There was bitter reproach in her words, but even this allusion could not rouse Ulric to-day. He was standing up now and gazing over towards the park as it lay shadowy in the distance, searching, as it were, for something between the trees.

”You mean I might have done better nearer at home, if I had sought for it, and you are right; but this is not a thing to be sought after, Martha. It seizes you all at once, and never looses you again while there is breath in your body. I have learnt to know it I have given you pain, my girl; now for the first time I know how much. But, believe me, no blessing comes with such love; it gives one more to suffer than the bitterest hate.”

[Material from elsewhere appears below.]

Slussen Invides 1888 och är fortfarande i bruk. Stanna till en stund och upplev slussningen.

Words like these, nearly approaching to a prayer for forgiveness, sounded strangely from Ulric Hartmann's lips; he was little used to ask whether he gave pain or not. There was about him a sort of dull resignation quite foreign to his nature, and the grief which moved him now was all the more profound that it showed itself by no pa.s.sionate outburst. Martha forgot her repugnance and her fear, and went close up to his side.

”What ails you, Ulric? You are so strange to-day. I have never seen you like this. What is the matter?”

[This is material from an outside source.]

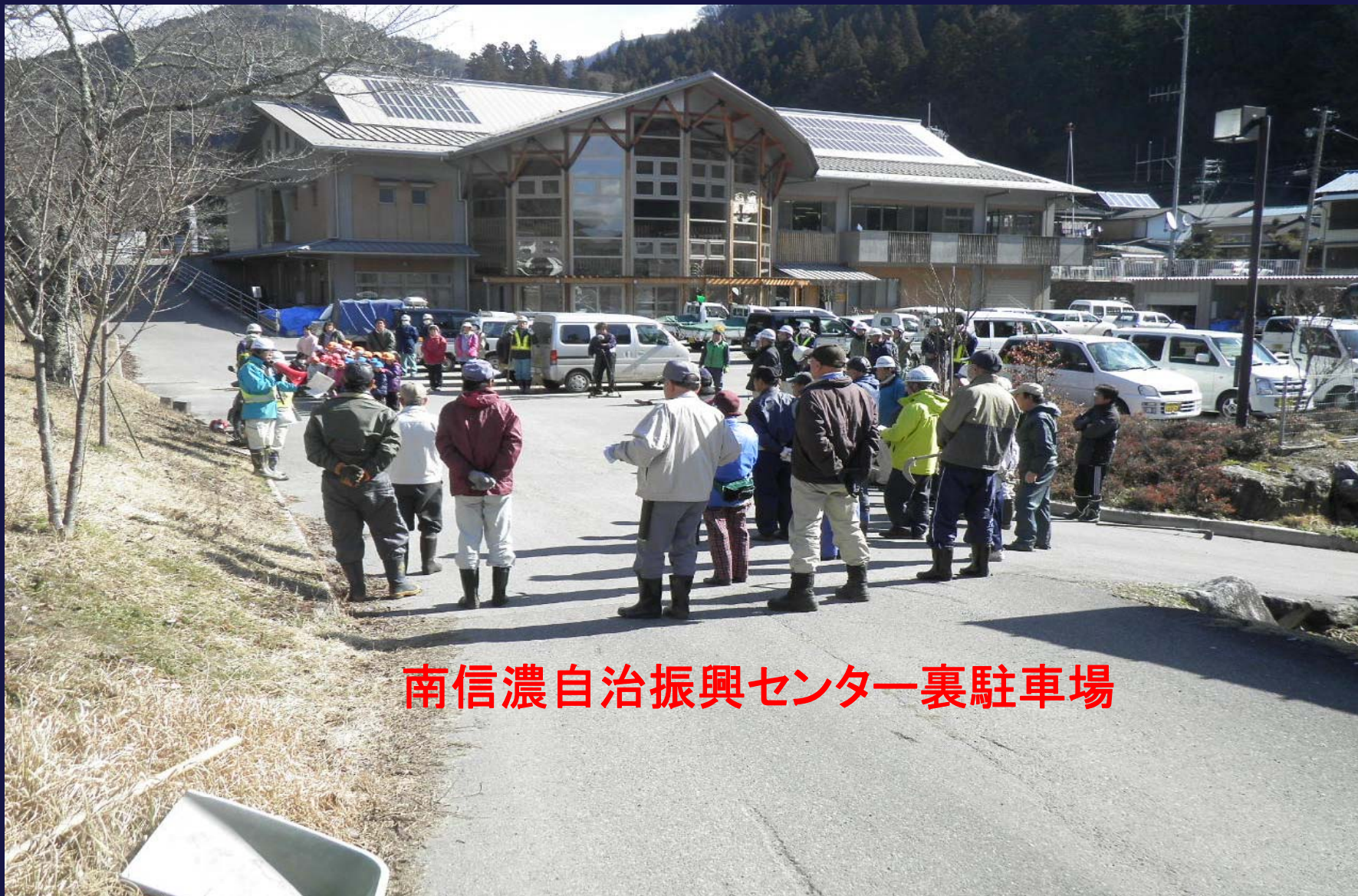
南信濃自治振興センター裏駐車場

He pushed the curly hair from his brow, and leaned up against the wooden gate.

”I don't know. Something has been weighing on me all day long. I can't shake it off, and it takes my strength from me. I want it for to-morrow, but directly I try to think, all grows black and dark before me, as if there lay nothing more beyond, as if to-morrow all would be at an end--all!”

Ulric started up suddenly with a dash of his old spirit.

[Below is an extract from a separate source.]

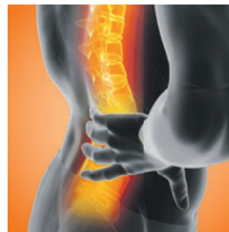
Fazit: Das neue Dorisol kann belastende Nervenschmerzen in Rücken, Nacken und Kopf natürlich wirksam behandeln!

”Absurd nonsense! I think the water down there has bewitched me with its confounded brawl. I have so much time just now to be listening to it, really! Good-bye.”

He turned to go, but the girl held him back anxiously.

”Where are you going? To see the men?”

”No, I am going first on an errand of my own. Good-bye.”

”Ulric, I implore you, stay!”

But the young miner's short-lived softened mood was over already. He tore himself free impatiently.

”Let me go. I have no time for talk--another time!”

He pushed open the garden gate, and, setting off in the direction of the park, soon disappeared in the growing darkness.

Martha stood with folded hands, looking after him. Wounded feeling and bitter pain strove together in her countenance, but the pain gained the upper hand.

”No blessing comes with such a love.”

The words found an echo in her heart. She felt that there was no blessing on hers either.

Meanwhile Eugenie Berkow sat alone in her husband's study. There had been little opportunity as yet for these two to enjoy their newly-won felicity. Twice had Arthur been compelled to leave her; in the morning when he had thrown himself into the thick of the tumult and quelled it for the time being, and now again when he had been called away to a conference with the officials.

But, in spite of her anxiety about him and of the dangerous situation in which they were placed, the young wife's face beamed with a reflection of that deep inward happiness which, gained at the cost of many an arduous struggle, was no longer at the mercy of outward storms.

She was with her husband, at his side, under his protection, and Arthur was, it seemed, a man able to make his wife forget all else in that one fact.

Suddenly a door was opened, and steps resounded in the adjoining room.

Eugenie rose to meet the newcomer, whom she naturally took for her husband, but her first feeling of surprise at seeing a stranger gave way to one of terror as she recognised Ulric Hartmann.

He was startled too at seeing her, and stood still in some embarra.s.sment.

”Ah, it is you, my lady! I was looking for Herr Berkow.”

”He is not here, I am expecting him,” she answered quickly, in a trembling voice.